Сколько пришлось так идти – Лёха бы не сказал, но, видимо, все-таки не очень долго. Совершенно внезапно конвоир рыкнул безапелляционным приказным тоном:
– Halt![7]
Это было понятно всем троим, тем более что когда Лёха немного пришел в себя, сгрузив со спины канистры и немного отдышавшись, он увидел, что на обочинке дороги стоят два небольших серых грузовичка и большая легковушка, что ли. Или джип? Тоже, к слову, серый и с брезентовой крышей. Грузовички были под тентами и сильно напоминали и полуторку, и оставшиеся в прошлой жизни «Газели», только на их радиаторах были два угла остриями вверх – как у машин Ситроена, только большие. А вот на высоко стоящем вроде как джипе красовался знакомейший знак «Мерседеса». Ну, совершенно такой, как привычно. Лёха сам удивился тому, на какую ерунду уходит его внимание. Просто ему было не то что страшно – ему было жутко и, наверное, такими пустяками он старался как-то отвлечься.
Клинковый штык был совсем рядом, и он Лёху пугал почти до обморока. Вот как застрелили Петрова – не напугало совершенно, а представить, что начнут резать или колоть таким вот штыком, и теплое тело почувствует, кроме боли, еще и холод мертвого металла там, где этому металлу быть не должно… Что-то в этом было настолько неправильное, дикое, что Лёху ознобом прошибло.
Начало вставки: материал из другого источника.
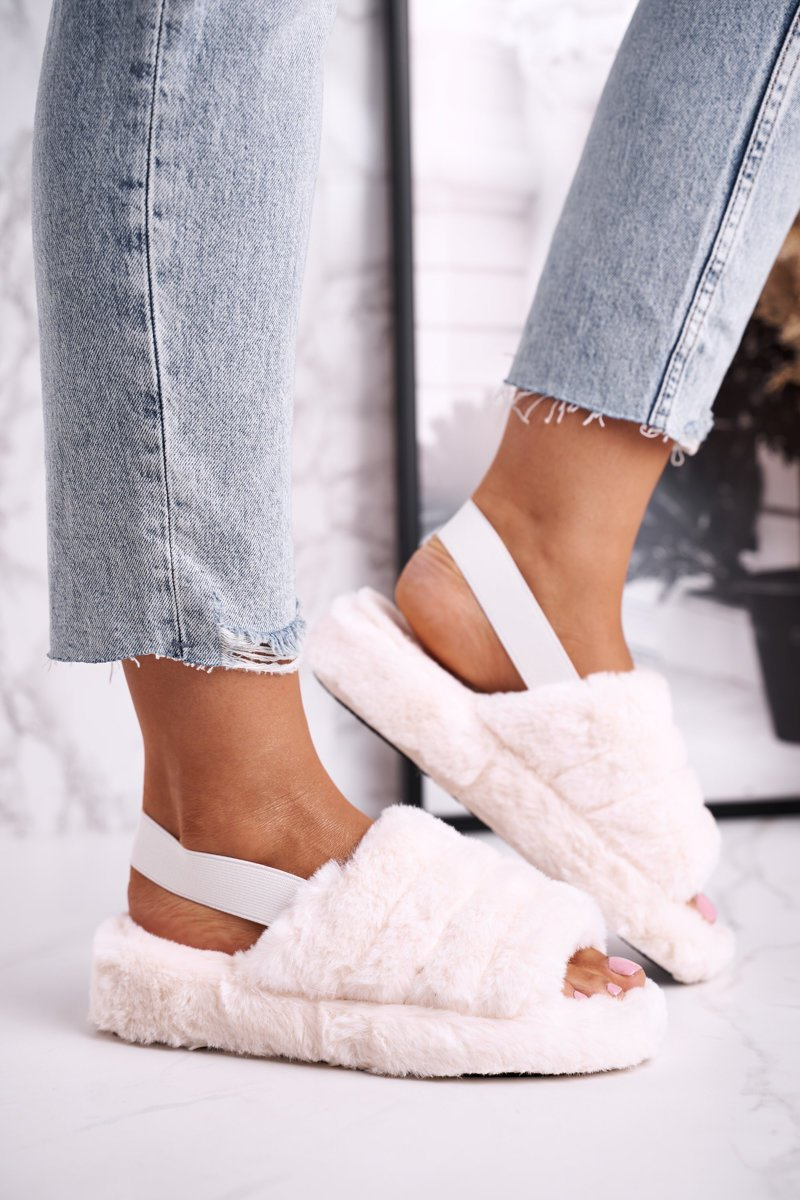 Papcie Damskie na Platformie Futrzane Beżowe Snowflake

Немцы тем временем переговорили с теми своими сослуживцами, что были при машинах, один из них понюхал бензин из канистр, кивнул, и в крайнюю машину по знаку конвоира пленные закинули канистры и винтовки. Встали, ожидая дальнейших приказов и чувствуя себя очень нехорошо. Но, к облегчению всех троих, конвоир кивнул на машину и сказал так же кратко:
– Los![8]
Сесть пришлось на пол, на скамейки у выхода сели оба конвоира, и машинка резво дернула по дороге, подняв шлейф пыли.
– Вот влипли, так влипли, – шепотом сказал Лёха.
– Du! Halt die Fresse![9] – рявкнул тот, что со штыком.
Что это значило, менеджер не знал, но решил, что лучше сидеть тихо и не привлекать к себе внимания. Сидеть, правда, было очень неуютно, зад и так болел от могучего пинка и уколов штыком, да еще и трясло немилосердно, так что на досках кузова ему было очень неприятно. Но идти с канистрами было еще хуже.
Боец Семенов
На душе было так паскудно, как давненько не бывало. Все рухнуло в момент, и от этого злоба душила. И на немцев, и на Петрова, а в первую голову – на себя самого. Не хотелось ведь идти обратно, как чуяло сердце. И когда пошли – хотел ведь взять всего пару этих самых канистр – опять же, как чуял, что не дело Петров предложил. Нельзя было такой груз хапать, не по силенкам вышло. И пока шли – не раз прикидывал, что надо нести только пару канистр, а остальные оставить и уже на танке этом приехать за ними.
Прикидывал, но понадеялся на «авось». А батя не раз говорил, что авось с небосем водились, да оба в яму свалились. Не факт, конечно, что он бы этих немцев раньше засек, если б шел впереди налегке и с одной винтовкой, не факт. Но могло и иначе выйти – и тогда бы разминулись: фрицы не цепью шли, не облава – видно, поисковая группа или как у них там называется. Да и шумные в лесу Петров с Жанаевым, по одной канистре неся, все ж таки тише были б. А с канистрами – загремели под фанфары, как говаривал в деревне один шелапутный мужичишко. Точно, германцы издаля услыхали – и удачно перехватили.
Теперь Петров валяется в лесу мертвее мертвого, бумажонки из его ранца германцы с собой забрали. Одна радость, что кровищи из пробитого пулями тела в ранец столько налилось, что не заметили немцы этой коробочки с цветными живыми окошечками, что у потомка забрали – побрезговали в нищем окровавленном солдатском имуществе рыться. И бензин чертов только немцам в радость. Сами принесли своими же ручками. Бежали-торопились. Знал бы такое дело – у той полуторки лег бы спать до следующего утра, лишь бы с этими пятнистыми разминуться. А так и часы покойного взводного забрали, и парашют, и все харчи.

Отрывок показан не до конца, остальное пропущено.